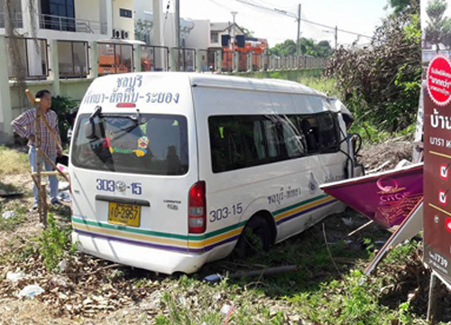 คืบหน้าเหตุรถตู้โดยสารชนเสาไฟฟ้า ริมถนนสุขุมวิท ขาเข้า อ.เมือง จ.ชลบุรี เสียชีวิต 4 ราย ล่าสุด ตำรวจภูธรแสนสุขให้รายละเอียดเพิ่มเติมว่ารถตู้คันดังกล่าวเป็นรถตู้โดยสารระยอง-ชลบุรี ทะเบียนป้ายเหลือง 10-2957 ระยอง ชนติดกับเสาไฟฟ้าแรงสูงจนหักสภาพรถพังยับเยิน พนักงานขับทราบชื่อ คือ นายแบน ไม่ทราบนามสกุล เสียชีวิตคาซากรถ ต้องใช้อุปกรณ์ตัดถ่างนำร่างออกมา ตรวจสอบโดยรอบพบผู้เสียชีวิตเป็นชายชื่อ นายเอก ไม่ทราบนามสกุล ผู้ช่วยคนขับ และผู้บาดเจ็บสาหัสเป็นหญิงชื่อ นางสาวกัญญา เกษมจิรกาญจน์ เจ้าหน้าที่รีบนำส่งโรงพยาบาลมหาวิทยาลัยบูรพา แต่ทนพิษบาดแผลไม่ไหวเสียชีวิตเป็นรายที่ 3 และรายที่ 4 คือ นางสุดใจ ศรีแก้ว รวม 4 ราย มี นายสมยศ เรียงแก้ว บาดเจ็บแขนขวาหัก
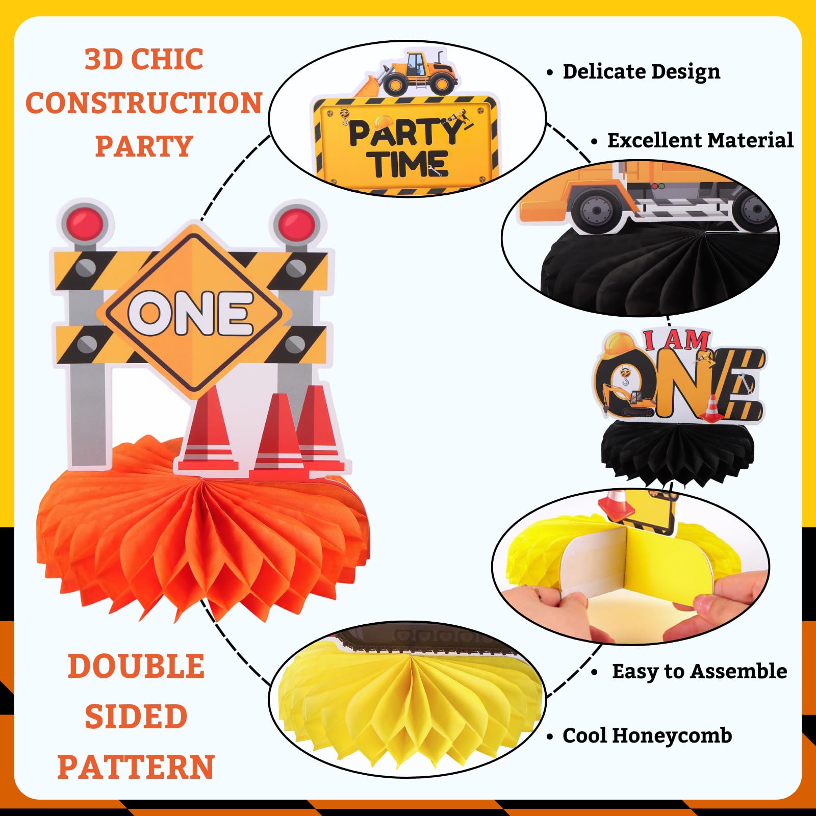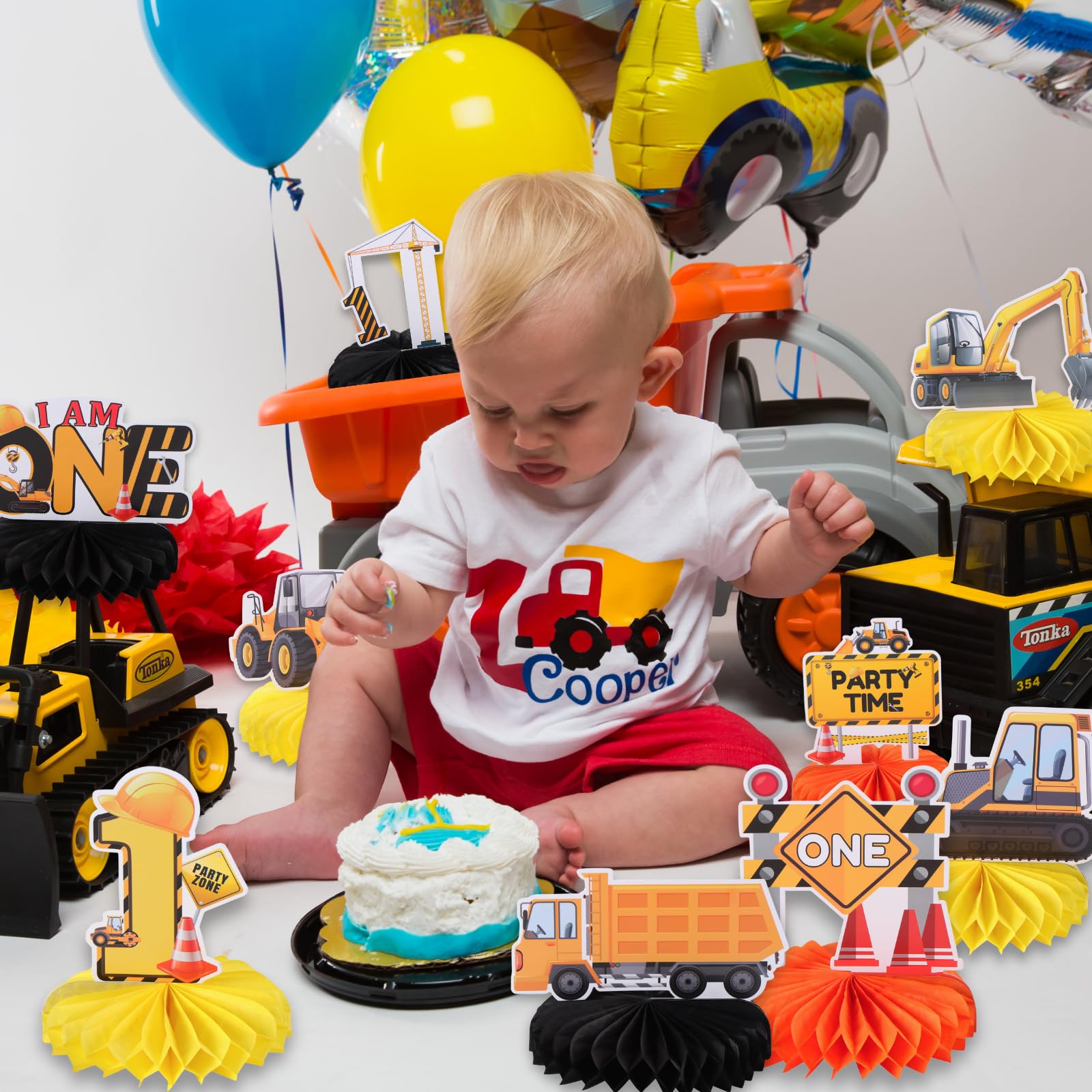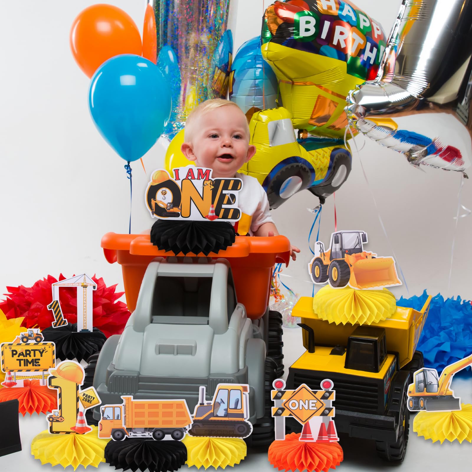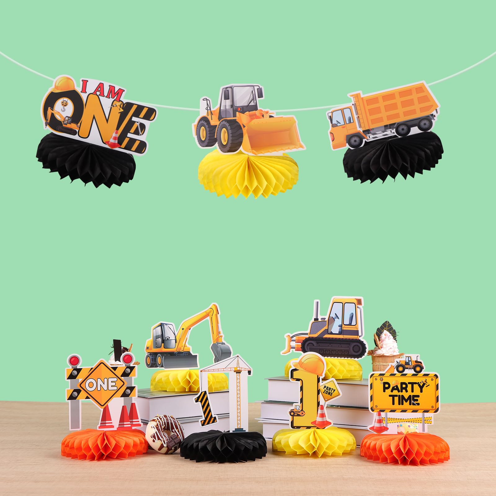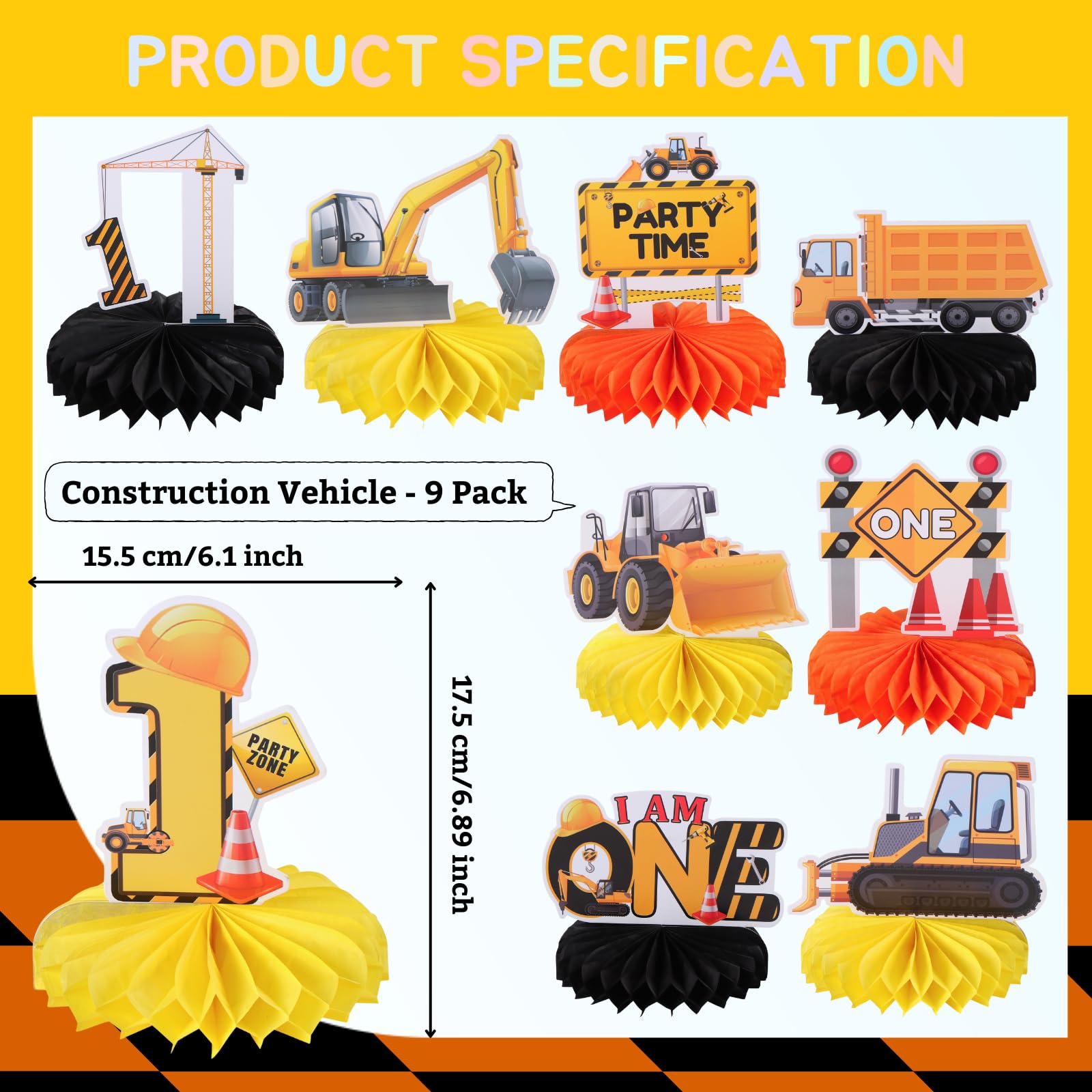 Delicate Construction Vehicle 1st Birthday Party Favors: The cool construction design adds the touch of active and sophistication to party decor, making it a standout event. Our 9pcs honeycomb centerpieces come in construction vehicle, ONE, PARTY TIME, trash car, trunk, excavator, dump truck and bulldozer patterns in a beautiful combination of varous color. It will add much touch of charm to a construction vehicle style 1st birthday party
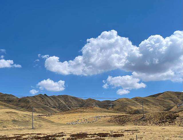 如果你和我一样,也不想错过大西北免费馈赠的风景,那就走国道吧!你会路过草原,看见雪山,被羊群短暂的挡住前进的路,翻越一个个高原山头,感觉蓝天都触手可及,天地辽阔在此刻具象化。
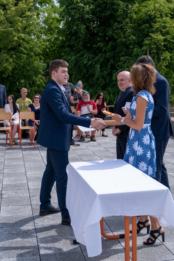 Dne 1.6.2023 proběhlo slavnostní předání maturitních vysvědčení úspěšným absolventům studia oborů Kosmetické služby a Mechanik elektronik. Za přítomnosti rodinných příslušníků úspěšných žáků, zástupců pedagogů a vedení školy zhodnotil pozitivně ředitel školy Ing. Josef Vavřinec celý průběh a výsledky maturit, popřál nyní již bývalým žákům hodně úspěchů v jejich životě. Třídní učitel Mgr. Ladislav Exner poděkoval všem žákům za jejich přístup ke studiu a předal jim maturitní vysvědčení. Ti žáci, kteří maturovali s vyznamenáním obdrželi od školy poukázku na nákup pomůcek pro svůj obor.
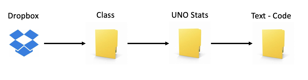 I’ve just moved my working directory one file back to the UNO Stats folder, rather than the textbook one. Let’s see what’s in my working directory.
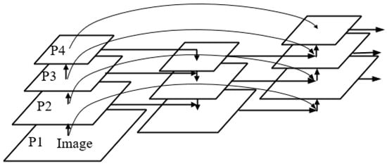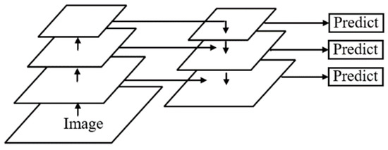 The main aim of feature fusion is to combine the features extracted from the image into a more discriminant feature than the input feature. The earliest feature fusion is to directly extract the features of the pyramid for prediction, without the fusion of multiple features [9], but the accuracy is relatively low in this case. Therefore, feature pyramid networks (FPN) [10] were proposed, as shown in Figure 1. A top-down connection is set up in FPN for feature fusion, and the fused feature graph with higher semantic information is used for prediction, which can improve the detection accuracy.
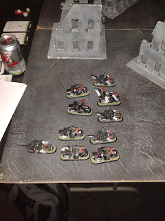 The bikers gunned their engines and advances on the Ork mob, the Grav gun squad moving up to claim the Relic in the centre of the board.
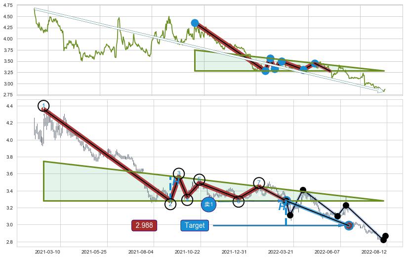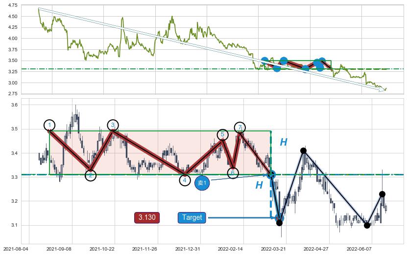 ➢ 【已达成】最小【整理】第一目标价格→(2022-06-20: 2.988 ), 后续继续【整理】下跌动力微弱,下跌较小
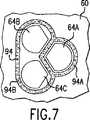 開口部64A,64B,64Cは、2つの平らな側面を円弧部で接続したパイ、すなわち扇形の開口部である。これら開口部は、各開口部の平らな側面が他の開口部の平らな側面に隣接するような向きになっている。この構成によって、依然として開口部同士間のノーズピース材料の適度な面積は、接着剤の塗布に備えることが可能でありながら、開口部を通る流動面積(flow area)が最大になる。
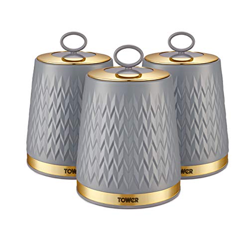Tower T826091GRY Empire Set of 3 Storage Canisters for Tea Coffee Sugar, 1.3L,
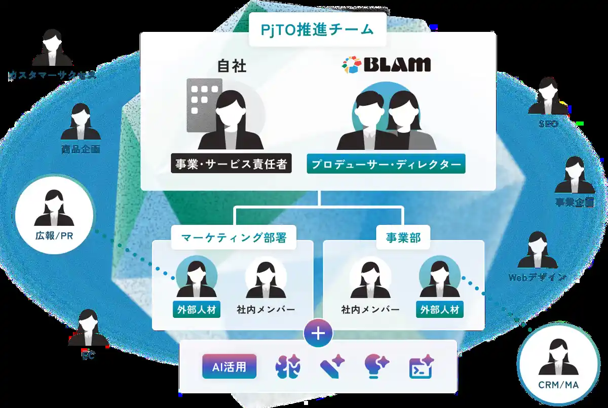 PjTO(Project Team Optimization)マーケティングは、カイコクに登録する13,000人以上のエース人材と、経験豊富なBLAMプロデューサーが組み合わさることで、戦略立案から施策実行まで一貫して推進できる柔軟なプロジェクトチームを提供するBLAMの独自サービスです。 |
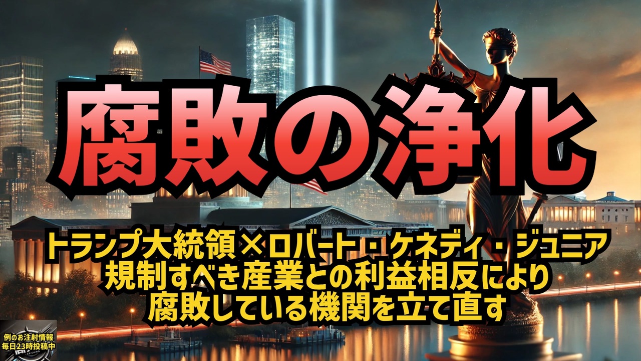 「速報です!ケネディ氏が語るトランプ大統領からの指示。ドナルド・トランプ大統領は、ロバート・ケネディ・ジュニアを公衆衛生機関の責任者に任命すると言っています。<br>3つのことを求めました。<br><br>まず1つ目は、これらの機関に根深く存在する腐敗の一掃です。製薬業界や食品業界といった、もともと規制の対象であるべき産業との利益相反を解消し、政府の保健機関がこれらの企業に左右されないようにします。<br><br>次に2つ目として、トランプ氏はこれらの機関をかつての栄光に戻すことを求めています。証拠に基づいた科学により、公平で確かな医療を提供するゴールドスタンダード、つまり信頼される水準に戻すことが目標です。<br><br>そして3つ目が、アメリカ国民の健康の回復です。トランプ氏は、2年以内に子どもたちを含むアメリカ人の慢性疾患が目に見えて減少するという、具体的で測定可能な結果を求めています。彼は、アメリカを再び健康な国にしたいと強く望んでいるのです。<br><br>トランプ大統領とケネディ氏の連携が、今後どのように展開されるのか、注目です。」<br><br><br><br>Jackケネディ速砲<br>【速報】トランプ大統領は私に3つのことを要求しました。<br>1. 政府の保健機関における腐敗を一掃する。<br>2. これらの機関を、ゴールドスタンダードで証拠に基づいた科学の豊かな伝統に戻します。<br>3. 慢性疾患の蔓延を終わらせ、アメリカを再び健康な国にする。<br>#トランプ大統領 <br>#RFKJr<br><a href="https://x.com/jack_hikuma/status/1854283047241486718?t=vn4RzpA6PJyDPz2ewjMqNA&s=19" target="_blank" rel="noopener nofollow">https://x.com/jack_hikuma/status/1854283047241486718?t=vn4RzpA6PJyDPz2ewjMqNA&s=19</a><br><br><br>トランプ大統領<br>ロバート・ケネディ・ジュニア<br>アメリカ<br>公衆衛生改革<br>腐敗<br>利益相反<br>慢性疾患<br>製薬会社<br>食品添加物<br>ワクチン<br>浄化<br><br>「健康な国の未来」<br><br><br />著作権、肖像権に配慮して作成しております。<br><br>◆気になったニュースの台本!?<br>メモ代わりに作った台本をそのままあげてます<br><a href="https://keiichiro8140.hatenablog.com/." target="_blank" rel="noopener nofollow">https://keiichiro8140.hatenablog.com/.</a><br><br><br>ここからはシリーズ紹介<br><br><br>◆ ワクチン解毒・デトックス<br><a href="https://x.gd/fZweg" target="_blank" rel="noopener nofollow">https://x.gd/fZweg</a><br><br>◆ウイリアム・マキス博士のがん治療(イベルメクチン・フェンベンダゾール等)<br><a href="https://x.gd/AtFYS" target="_blank" rel="noopener nofollow">https://x.gd/AtFYS</a><br><br>◆予防接種健康被害救済制度<br><a href="https://x.gd/0xK9x" target="_blank" rel="noopener nofollow">https://x.gd/0xK9x</a><br><br>◆気になったニュース #1501~<br><br>◆ 【ショートver】気になったニュース<br><a href="https://x.gd/7MxXC" target="_blank" rel="noopener nofollow">https://x.gd/7MxXC</a><br><br>◆ 気になったニュース #1001~<br><a href="https://x.gd/Lp8gv" target="_blank" rel="noopener nofollow">https://x.gd/Lp8gv</a><br><br>◆ 気になったニュース #501~<br><a href="https://x.gd/EmbS4" target="_blank" rel="noopener nofollow">https://x.gd/EmbS4</a><br><br>◆ 気になったニュース #1~#500<br><a href="https://x.gd/uPhNb" target="_blank" rel="noopener nofollow">https://x.gd/uPhNb</a><br><br>◆ X(旧Twitter)・テレグラムで気になった情報<br><a href="https://x.gd/YG6FT" target="_blank" rel="noopener nofollow">https://x.gd/YG6FT</a><br><br>◆ 日比谷5万人パレードデ⚪生放送アーカイブ動画<br><a href="https://x.gd/3CHJv" target="_blank" rel="noopener nofollow">https://x.gd/3CHJv</a><br><br>◆日比谷5万人パレード⚪モのマイリスト作ってみました<br><a href="https://nico.ms/mylist/76828848?ref=sp_other" target="_blank" rel="noopener nofollow">https://nico.ms/mylist/76828848?ref=sp_other</a><br><br>◆3.30 令和の百姓⚪⚪<br><a href="https://www.nicovideo.jp/series/511791?ref=garage_share_other" target="_blank" rel="noopener nofollow">https://www.nicovideo.jp/series/511791?ref=garage_share_other</a><br><br>◆ 及川幸久さんの【XNEWS】シリーズ<br><a href="https://x.gd/3k78K" target="_blank" rel="noopener nofollow">https://x.gd/3k78K</a><br><br>◆これまでの動画<a href="https://x.gd/sPXoJ" target="_blank" rel="noopener nofollow">https://x.gd/sPXoJ</a><br><br>◆もしも(BAN)の時のためのマイリンク集<a href="https://lit.link/K-16_News44" target="_blank" rel="noopener nofollow">https://lit.link/K-16_News44</a><br><br>

*PROBLEM TO WORK ON*: Because only one stretch of the records is wanted, please output the lines from the one holding "Delicate Construction Vehicle" through the one holding "如果你和我一样,也不想错过大" exactly, both included, and leave every picture out.

*ANSWER TO THIS PROBLEM*:
 Delicate Construction Vehicle 1st Birthday Party Favors: The cool construction design adds the touch of active and sophistication to party decor, making it a standout event. Our 9pcs honeycomb centerpieces come in construction vehicle, ONE, PARTY TIME, trash car, trunk, excavator, dump truck and bulldozer patterns in a beautiful combination of varous color. It will add much touch of charm to a construction vehicle style 1st birthday party
 如果你和我一样,也不想错过大西北免费馈赠的风景,那就走国道吧!你会路过草原,看见雪山,被羊群短暂的挡住前进的路,翻越一个个高原山头,感觉蓝天都触手可及,天地辽阔在此刻具象化。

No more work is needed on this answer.